Even with criticism of the game, and many disappointed fans scratching their heads over how such an acclaimed developer released a game that had little story, the game was still a financial success. After court documents leaked following Bungie composer Martin O’Donnell’s lawsuit, it was revealed the title sold a staggering 6.3 million copies in its first month – which is especially impressive for a new IP. Now, following other leaked documents from 2012 that confirmed Activision planned to release a Destiny sequel two years after the original, it looks like the plan may have changed.

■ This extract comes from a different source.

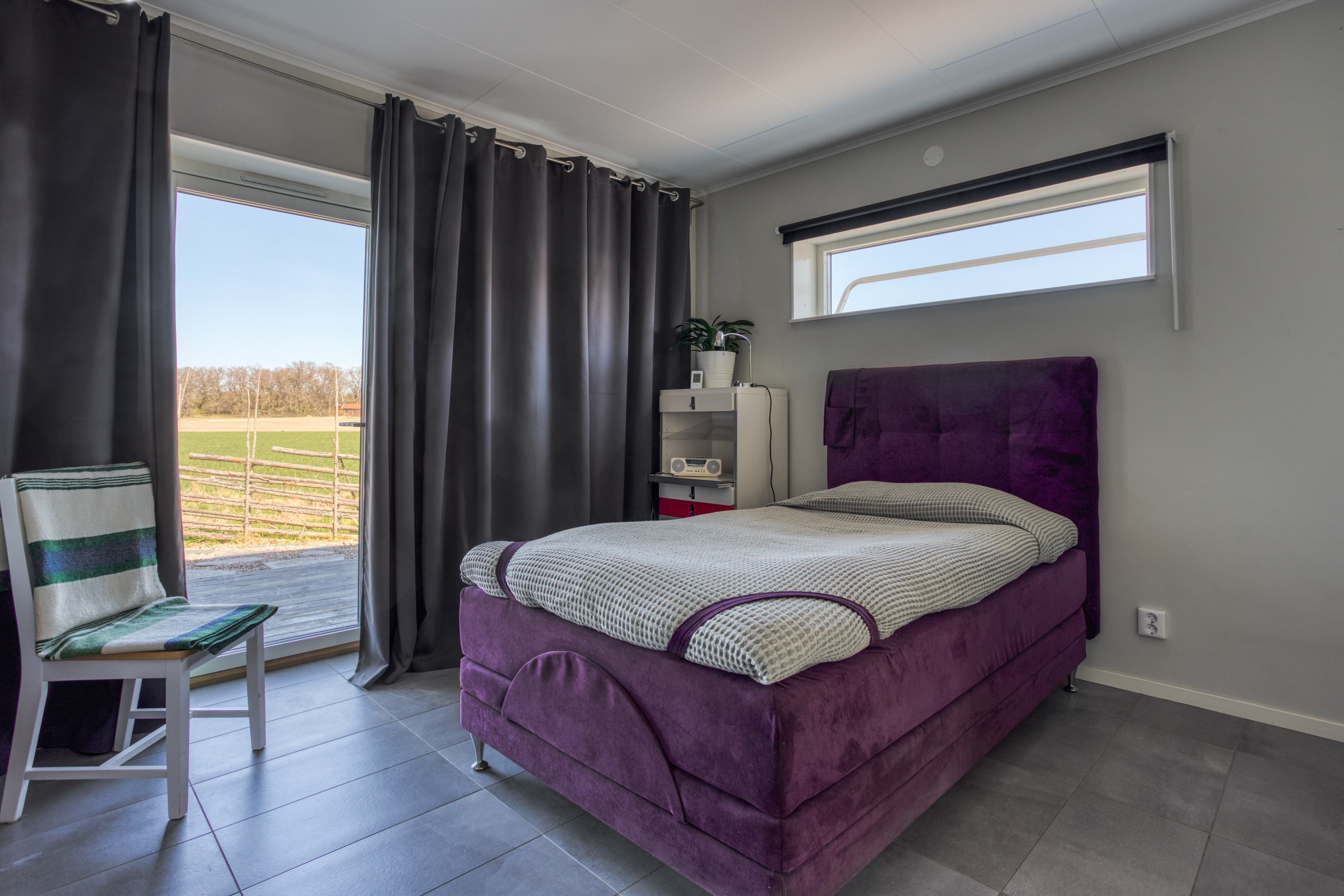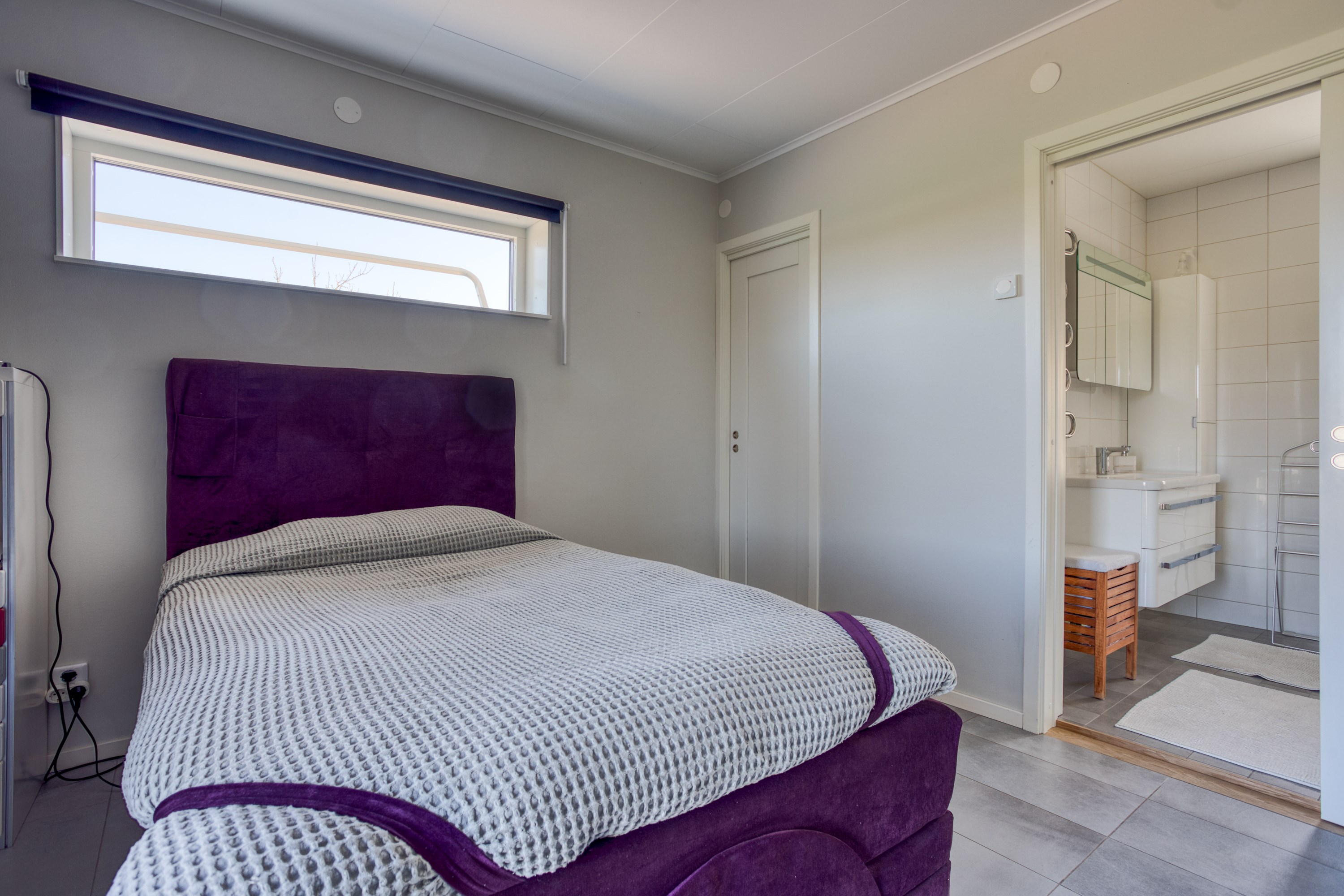Rymligt master bedroom, målade väggar, klinkergolv. Klädkammare med bra med förvaring. Utgång till trädgården.

According to a report from Kotaku, citing individuals familiar with company happenings, higher-ups at Bungie have chosen to delay Destiny 2 from its initial September 2016 release – into 2017. Added to the initial delay of Destiny, news of Destiny 2‘s delay certainly calls into question whether Bungie is still on a “ten-year plan” (e.g. a rumored breakdown of when fans could expect subsequent Destiny sequels and expansions). The report also suggests that this delay news is a relatively recent development – as some employees did not know of the delay until yesterday (from the time of this writing).
Assuming Destiny 2 isn’t arriving until 2017, which is still unverified for now, the effects of a delay on future content will be the most pressing issue the developer will have to solve. Since the next full game release was scheduled for fall 2016, now Bungie has to fill this year with enough content to keep players happy until 2017 (and beyond). With High Moon Studios reportedly helping to develop Mars content for the next game, Bungie might have enough manpower to inject smaller expansions into The Taken King platform through the current year. After all, the developer has made-good on their promise of regular updates from the live team – which, as recently as this week, announced a Valentine’s Day event – and a larger content drop sometime in the next few months.
Lastly, Kotaku also indicated that the game would eventually see Halo-esque custom game types coming as well – called “Dares of the Nine” (a reference to Destiny‘s mysterious firstborn Awoken “The Nine”). If Destiny 2 is delayed, players will certainly hope regular updates are ongoing – as previous content gaps undercut fans’ activity and enthusiasm. With over 20 million players, Activision will likely be putting a lot of pressure on Bungie to keep the content flowing; hopefully, the studio is up to the challenge and doesn’t cut corners with incomplete or half-baked stopgaps.
Destiny launched in 2014 on PlayStation 4 and Xbox One – followed by The Taken King expansion in September 2015.